10. [ceph] Error EPERM: pool deletion is disabled; you must first set the mon_allow_pool_delete config option to true before you can destroy a pool
[admin-node][DEBUG ] 404 Not Found [IP: 158.69.68.124 80]
[admin-node][DEBUG ] Hit:6 http://cn.archive.ubuntu.com/ubuntu bionic-backports InRelease
[admin-node][DEBUG ] Reading package lists...
[admin-node][WARNIN] E: The repository 'http://download.ceph.com/debian-{ceph-stable-release} bionic Release' does not have a Release file.
[admin-node][ERROR ] RuntimeError: command returned non-zero exit status: 100
[ceph_deploy][ERROR ] RuntimeError: Failed to execute command: env DEBIAN_FRONTEND=noninteractive DEBIAN_PRIORITY=critical apt-get --assume-yes -q update
分析:这个[ERROR ]是因为[WARNIN] E: The repository 'http://download.ceph.com/debian-{ceph-stable-release} bionic Release' does not have a Release file.造成的。
解决方法:在admin-node上修改/etc/apt/sources.list.d/ceph.list内容如下:
deb http://download.ceph.com/debian-{ceph-stable-release}/ bionic main =>deb http://download.ceph.com/debian-luminous/ bionic main
[node1][INFO ] installing Ceph on node1
[node1][INFO ] Running command: sudo yum clean all
[node1][DEBUG ] Loaded plugins: fastestmirror, langpacks
[node1][DEBUG ] Cleaning repos: base extras updates
[node1][DEBUG ] Cleaning up list of fastest mirrors
[node1][INFO ] Running command: sudo yum -y install ceph ceph-radosgw
[node1][DEBUG ] Loaded plugins: fastestmirror, langpacks
[node1][DEBUG ] Determining fastest mirrors
[node1][DEBUG ] * base: ftp.sjtu.edu.cn
[node1][DEBUG ] * extras: ftp.sjtu.edu.cn
[node1][DEBUG ] * updates: ftp.sjtu.edu.cn
[node1][DEBUG ] No package ceph available.

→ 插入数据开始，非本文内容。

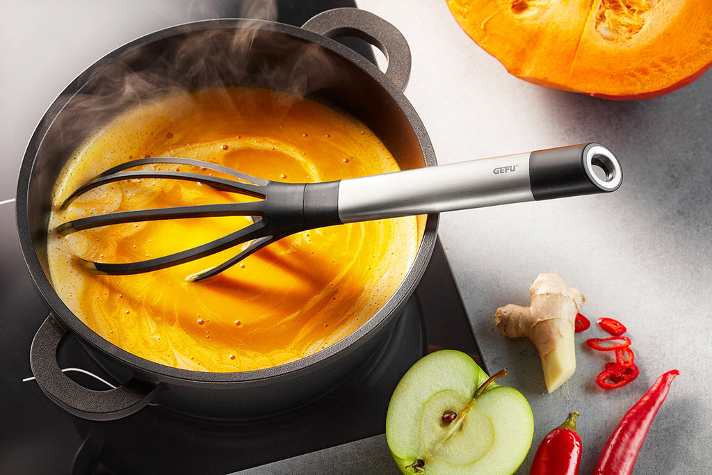 The indispensable all-rounder for effortlessly whisking creamy sauces, carefully folding in foamy egg whites, making airy, even cake mixture, perfectly bound sauces and much more. Keeps its form and is ideal for use with coated pots and pans.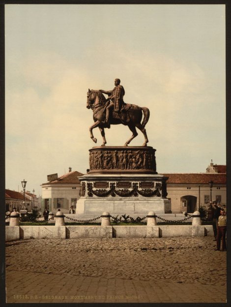Фотографија која је касније обојена показује како је некада изгледао данашњи Трг Републике са спомеником Кнезу Михаилу. Нема високих зграда, саобраћаја…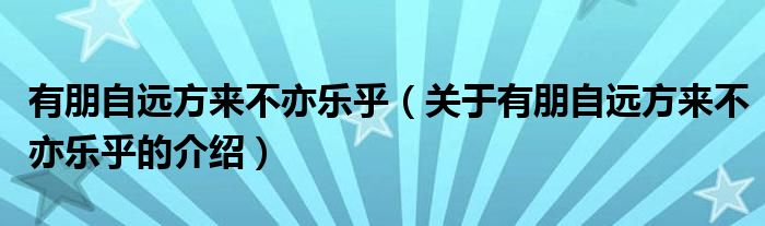 大家好,小新來為大家解答以上的問題。有朋自遠方來不亦樂乎,關于有朋自遠方來不亦樂乎的介紹很多人還不知道,現(xiàn)在讓我們一起來看看吧!

[node1][DEBUG ] No package ceph-radosgw available.
[node1][WARNIN] Error: Nothing to do
[node1][ERROR ] RuntimeError: command returned non-zero exit status: 1
[ceph_deploy][ERROR ] RuntimeError: Failed to execute command: yum -y install ceph ceph-radosgw
解决方法:node1上安装libunwind,命令:sudo yum install libunwind
[node1][DEBUG ] Could not retrieve mirrorlist http://mirrorlist.centos.org/?release=7&arch=x86_64&repo=extras&infra=stock error was
[node1][WARNIN]
[node1][DEBUG ] 12: Timeout on http://mirrorlist.centos.org/?release=7&arch=x86_64&repo=extras&infra=stock: (28, 'Operation too slow. Less than 1000 bytes/sec transferred the last 30 seconds')
[node1][WARNIN]
[node1][WARNIN] One of the configured repositories failed (Unknown),
[node1][WARNIN] and yum doesn't have enough cached data to continue. At this point the only
[node1][WARNIN] safe thing yum can do is fail. There are a few ways to work "fix" this:
...
[node1][WARNIN] Cannot find a valid baseurl for repo: extras/7/x86_64
[node1][ERROR ] RuntimeError: command returned non-zero exit status: 1
[ceph_deploy][ERROR ] RuntimeError: Failed to execute command: yum -y install ceph ceph-radosgw
解决方法:修改虚拟机的/etc/resolv.conf文件,nameserver为物理机的gateway(查询命令:ip route show)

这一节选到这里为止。